**Task directions**
Look through the material below. Return exactly the lines from the one with "Eine Mutter, die" through the one with "認知症体験VR学習を小学校2校にて実施 今年度小学校5校で実施予定", both included.

**Extracted information**
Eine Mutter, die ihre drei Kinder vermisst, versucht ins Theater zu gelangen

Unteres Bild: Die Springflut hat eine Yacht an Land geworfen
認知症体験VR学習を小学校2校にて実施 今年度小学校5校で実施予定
---
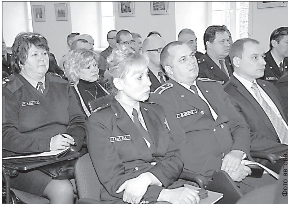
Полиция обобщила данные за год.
* * *
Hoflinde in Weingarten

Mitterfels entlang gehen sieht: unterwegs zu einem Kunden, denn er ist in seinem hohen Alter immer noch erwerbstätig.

**Result for this exercise**
Eine Mutter, die ihre drei Kinder vermisst, versucht ins Theater zu gelangen

Unteres Bild: Die Springflut hat eine Yacht an Land geworfen
認知症体験VR学習を小学校2校にて実施 今年度小学校5校で実施予定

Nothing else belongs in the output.